Sarah sets students up for success with The Music Box Sessions
The red-light flashes on in the studio, the mic looms ahead. A thumbs up from the producer and it’s time to record. But despite the hours of practice, shallow breaths start to take over, and sticky palms mark the guitar. Until finally fingers fumble across frets forgetting the well-rehearsed riff.
With the pressure of not messing up a recording session, any talented musician can struggle with ‘red light fever’ – freezing up when the recording light goes on in the studio. So to tackle this, Edinburgh College Learning Assistant for Music and Sound production, Sarah May introduced The Music Box Sessions – a set of extra-curricular recording sessions that allow Edinburgh College students to record a piece of music in the College’s purpose-built music teaching hub – The Music Box – and build their confidence in the studio.
Since beginning in 2022, the weekly sessions have provided a platform for roughly 40 unique students, giving them the real experience of recording music in a professional setting and helping them to work past freezing up when the recording light goes on.
Each person who performs in these sessions is related to The Music Box in some way, whether they are students, alumni or staff members performing with students, and all play in a range of classical ensembles, popular music bands, or are singer-songwriters and solo artists.
Sarah said: “My colleague Scott Hannah and I started the sessions to allow students to work on projects that they could use to develop their own portfolio, as well as to showcase the fantastic musicians we have studying music at Edinburgh College.
“The sessions provide students of all levels and disciplines with a great opportunity to gain studio experience, showcase songs they have been working on and build a portfolio of work. In the past students have used Music Box Sessions for college submissions, to promote themselves on social media, to send to promoters to get gigs or simply to show their family and friends what they get up to at college.”
Recorded and mixed by Sarah herself and filmed and edited by her colleague Scott Hannah, the sessions are made to feel like a real recording session, with the constraints that exist in the industry being emulated by recordings being limited to three takes.
Then, by ensuring that each session is released on social media at the same time each week – 5pm on a Friday – Sarah and Scott create a real buzz around each video so that the students can get excited about sharing their performance with their friends and family on a regular basis.
Music student, Arthur Hill, said: “The music box sessions were an amazing opportunity to record original music in a professional environment and to work amongst an incredibly experienced team. Personally, focusing on composition as my primary avenue of study, the chance to have my work performed and recorded and shared amongst a wider audience was so exciting and I’m hugely grateful to Sarah for affording me (and so many other people) that opportunity. They massively boosted my confidence as a performer and a composer.”
Music student, Charlotte Allan, added: “The sessions have positively impacted my college experience. Seeing the final result of the sessions gives me a feeling of achievement as I see all our hard work put together in a video. Sarah does a great job of mixing and editing videos in a way that displays and shows off each person’s abilities. I am inspired by her skills in mixing and editing – the videos that have been mixed and edited by Sarah have always been of a high quality.”

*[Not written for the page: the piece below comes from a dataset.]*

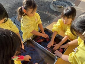 登園した順番に年長組と年中組がさつまいもを綺麗に洗いました。

With her work helping students build confidence and showcasing the College’s fantastic work to a broader audience, Sarah was recently shortlisted in the Professional Services Colleague of the Year category at this year’s CDN awards.
On her shortlisting, Sarah said: “It’s fantastic! Doing the Music Box Sessions doesn’t really feel like work – so to be nominated and recognised for something that I enjoy doing and which is also adding value to the student experience is an amazing feeling.
“Scott and I are continuing to run sessions as we always have but recently have been working with individual students over a number of sessions to try and focus on a more polished end result. We are hoping to offer more sessions like these in order to make them something the students will get even more from in terms of experience. We always have lots of ideas about how to make them bigger and better and more exciting and hope that one day they will be a core part of the curriculum.”